■ **TO DO**
Every word in the data below belongs in your copy, exactly as given; the pictures do not.

======== DATA SECTION ========

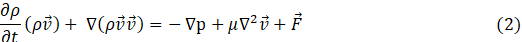 El flujo transitorio en el NWT es resuelto por simulación numérica directa (DNS) mediante ecuaciones de conservación de masa (Ecuación 1) y de cantidad movimiento (Ecuación 2) para flujo laminar.
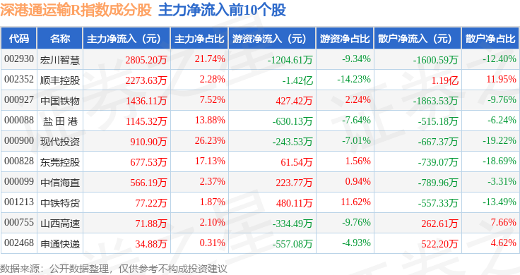 资金流向方面,深港通运输R(483077)指数成份股当日主力资金净流出合计1.78亿元,游资资金净流出合计8732.41万元,散户资金净流入合计2.65亿元。成份股资金流向详情见下表:
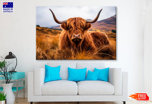 Highland Cow with Horns Wall Art Decor 100% Australian Made

========

■ **TASK ANSWER**
 El flujo transitorio en el NWT es resuelto por simulación numérica directa (DNS) mediante ecuaciones de conservación de masa (Ecuación 1) y de cantidad movimiento (Ecuación 2) para flujo laminar.
 资金流向方面,深港通运输R(483077)指数成份股当日主力资金净流出合计1.78亿元,游资资金净流出合计8732.41万元,散户资金净流入合计2.65亿元。成份股资金流向详情见下表:
 Highland Cow with Horns Wall Art Decor 100% Australian Made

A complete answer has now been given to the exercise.